Alistair’s moans stopped as he finally, mercifully, passed out. Less than half of his upper right arm remained, charred down to the blackened bone. It would have to be removed; it would never heal. Martha rocked him back and forth, crooning to him like a sleeping child. She was crying. I’d never seen her cry before. I tried to feel sorry for Alistair, but this was what he would have done to my Molly if I hadn’t stopped him.
"Martha…" I said.
"Don’t. Don’t pretend you care, you unnatural child."
"So many tears," I said. "For Uncle James, for Alistair. But how many tears would you have shed over my death, Grandmother, if I had died on that motorway? Or if Uncle James had killed me like you ordered? Did you cry over my twin brother when he was sacrificed to the Heart? He was your grandson too. How did you choose between us? Flip a coin, perhaps? Or did you just leave it up to the Heart so you wouldn’t have to feel accountable?"

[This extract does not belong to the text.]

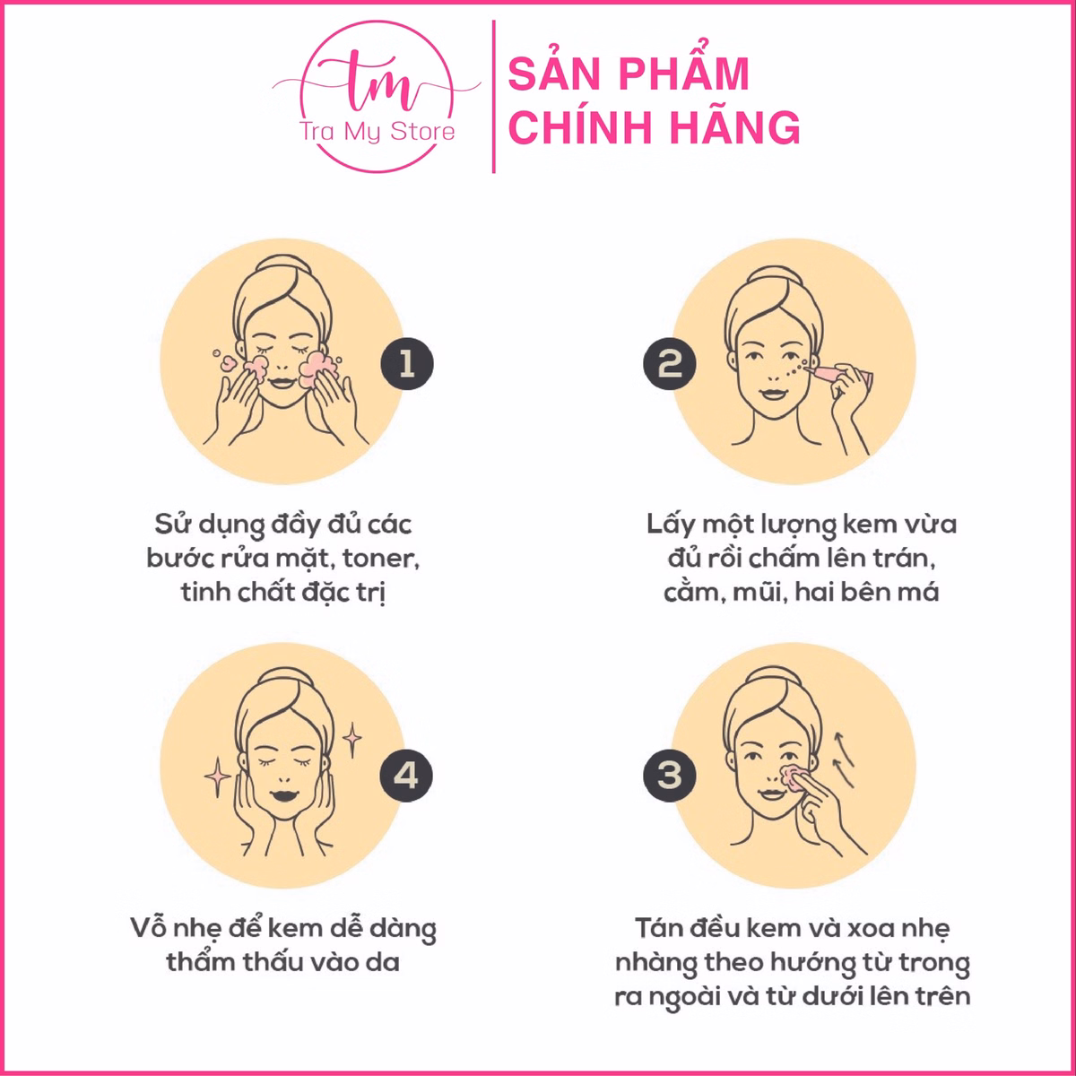 Sử dụng ở bước cuối cùng của chu trình chăm sóc da. Lấy một lượng kem vừa đủ thoa đều theo chiều kết cấu da, kết hợp massage nhẹ nhàng để sản phẩm được hấp thụ tối đa.

But she wasn’t listening. All she cared about was her Alistair and what I’d done to him. Molly gently pulled me away.
"We have to go, Eddie. Others will be coming. You know that."
I let her lead the way to the far end of the room. I always thought that in the end the traitor within the family would turn out to be Alistair. Because he never was one of us, really. I wanted it to be him. But in the end…he fought well and valiantly to protect the woman he loved from my anger. I admired him. The poor damned fool. I didn’t need to smash through the far wall. Just opened the door and stepped through into the next room, leaving Martha and Alistair behind.
The next room was huge, all gleaming white tiles on the walls and hygienically clean surfaces packed full of assorted computers and other advanced technology in an hermetically controlled environment. A whole room full of machines just to monitor and regulate conditions inside the Sanctity. They protected the Heart from all outside influences and protected those who lived in the Hall from the various disruptive energies and dangerous forces that emanated from the Heart. Normally there’d be half a hundred technicians scattered across the massive room, carefully tending the equipment and making constant small but necessary changes and adjustments to the Sanctity’s delicate balance…but the place was deserted. Presumably they’d been evacuated once it was clear I was coming here. I threaded my way through the bulky machinery, heading for the door at the other end of the room. Beyond that door lay the Sanctity, and the Heart, and my revenge.
Molly and I were almost there when the door suddenly opened and Matthew and Alexandra stepped through. I stopped abruptly, and Molly moved in close beside me again. Matthew looked sharp and smooth as always, the family’s blue-eyed boy in his immaculate Armani suit. He smiled dazzlingly at me. Alexandra’s smile was cold, and so were her eyes. I nodded briefly to them both, doing my best to look entirely unimpressed.